More general & flexible
CLIP outperforms existing ImageNet models in new domains because of its ability to learn a wide range of visual representations directly from natural language.
The following graphic highlights CLIP zero-shot performance compared to ResNet models few-shot linear probe performance on fine-grained object detection, geo-localization, action recognition, and optical character recognition tasks.
CLIP Architecture
CLIP architecture consists of two main components: (1) a text encoder, and (2) an Image encoder. These two encoders are jointly trained to predict the correct pairings of a batch of training (image, text) examples.
- The text encoder’s backbone is a transformer model [2], and the base size uses 63 millions-parameters, 12 layers, and a 512-wide model containing 8 attention heads.
- The image encoder, on the other hand, uses both a Vision Transformer (ViT) and a ResNet50 as its backbone, responsible for generating the feature representation of the image.
How does the CLIP algorithm work?
We can answer this question by understanding these three approaches: (1) contrastive pre-training, (2) dataset classifier creation from labeled text, and finally, (3) application of the zero-shot technique for classification.
Let’s explain each of these three concepts.
1. Contrastive pre-training
During this phase, a batch of 32,768 pairs of image and text is passed through the text and image encoders simultaneously to generate the vector representations of the text and the associated image, respectively.
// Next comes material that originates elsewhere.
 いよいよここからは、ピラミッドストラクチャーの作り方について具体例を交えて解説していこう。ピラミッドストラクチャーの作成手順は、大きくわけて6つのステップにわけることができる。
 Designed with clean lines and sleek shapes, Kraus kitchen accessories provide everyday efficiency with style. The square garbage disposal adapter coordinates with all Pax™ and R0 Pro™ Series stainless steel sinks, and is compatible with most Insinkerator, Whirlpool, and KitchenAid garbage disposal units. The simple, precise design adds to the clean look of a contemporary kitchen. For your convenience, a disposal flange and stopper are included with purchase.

The training is done by searching for each image, the closest text representation across the entire batch, which corresponds to maximizing cosine similarity between the actual N pairs that are maximally close.
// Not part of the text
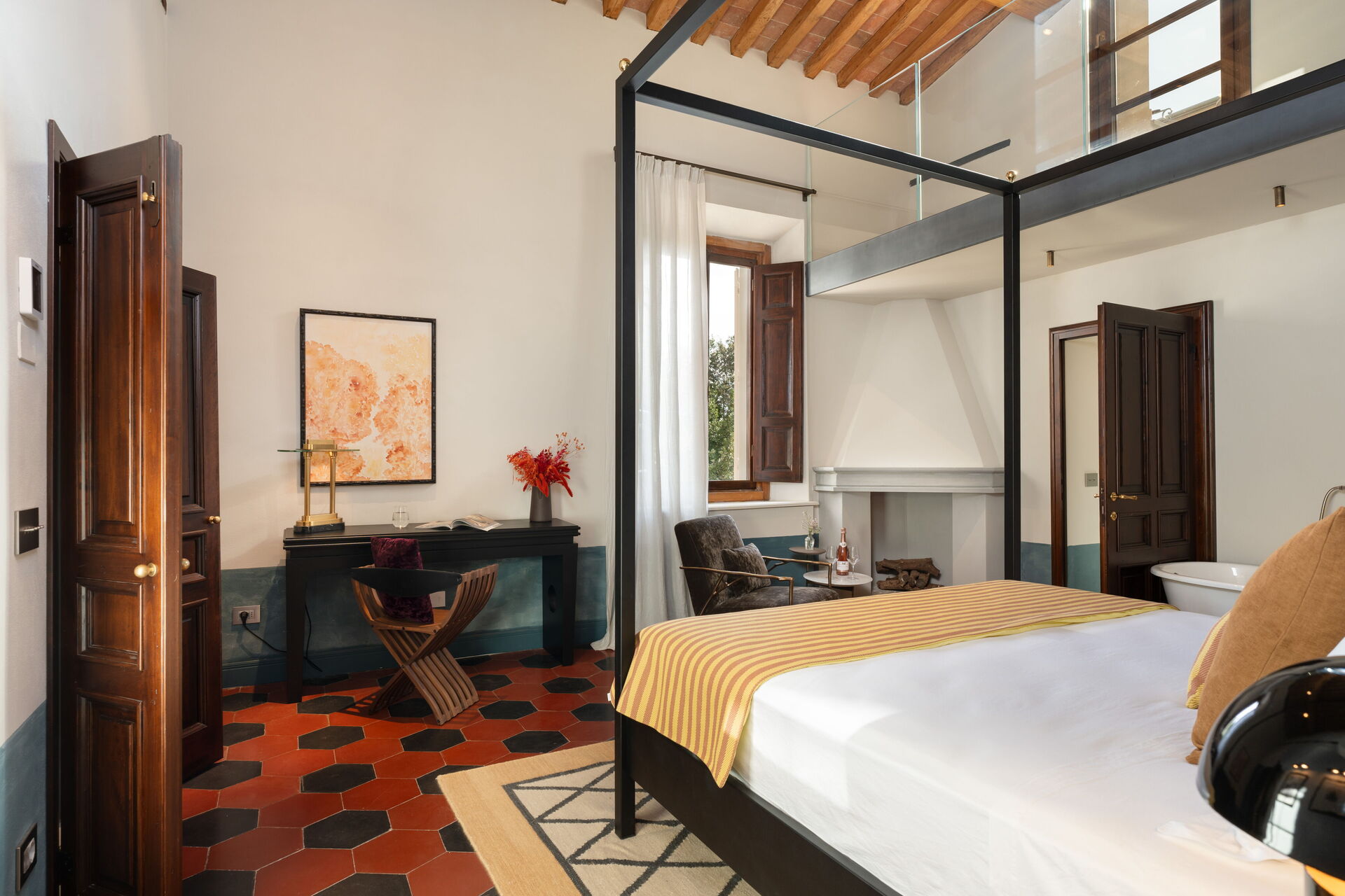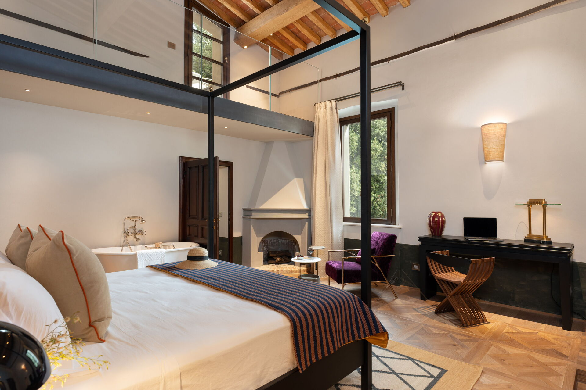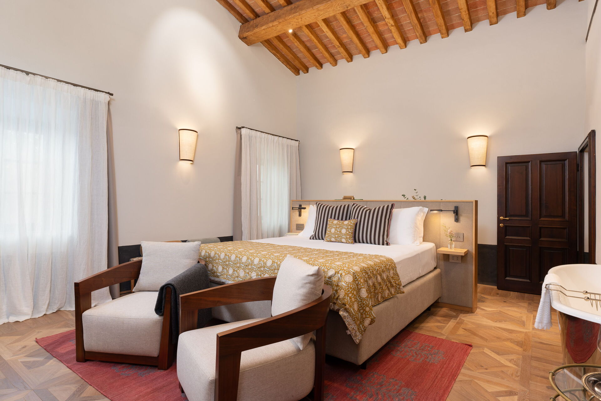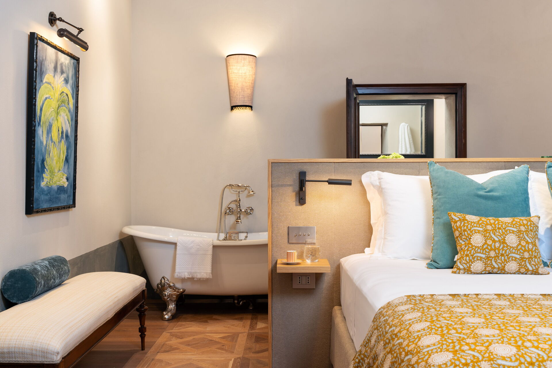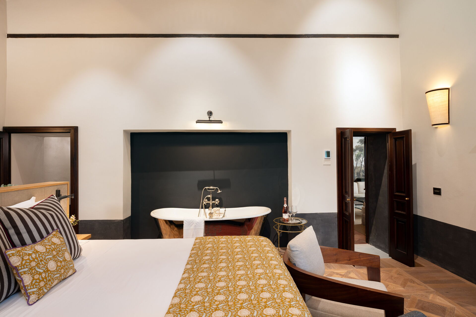 Soveværelse med bad: king size seng (bredde: 180m, længde: 200m), WIFI internet, klimaanlæg, vask, wc, bidet, badekar, bruser, hårtørrer, udgang til terrasse.

Also, it makes the actual images far away from all the other texts by minimizing their cosine similarity.
Finally, a symmetric cross-entropy loss is optimized over the previously computed similarity scores.
2. Create dataset classifier from label text
This second step section encodes all the labels/objects in the following context format: “a photo of a {object}. The vector representation of each context is generated from the text encoder.
If we have dog, car, and plane as the classes of the dataset, we will output the following context representations:
- a photo of a dog
- a photo of a car
- a photo of a plane
3. Use of zero-shot prediction
We use the output of section 2 to predict which image vector corresponds to which context vector. The benefit of applying the zero-shot prediction approach is to make CLIP models generalize better on unseen data.
Implementation of CLIP With Python
Now that we know the architecture of CLIP and how it works, this section will walk you through all the steps to successfully implement two real-world scenarios. First, you will understand how to perform an image search in natural language. Also, you will be able to perform an image-to-image search using.
At the end of the process, you will understand the benefits of using a vector database for such a use case.
General workflow of the use case
(Follow along with the Colab notebook!)
The end-to-end process is explained through the workflow below. We start by collecting data from the Hugging Face dataset, which is then processed to further generate vector index vectors through the Image and Text Encoders. Finally, the Pinecone client is used to insert them to a vector index.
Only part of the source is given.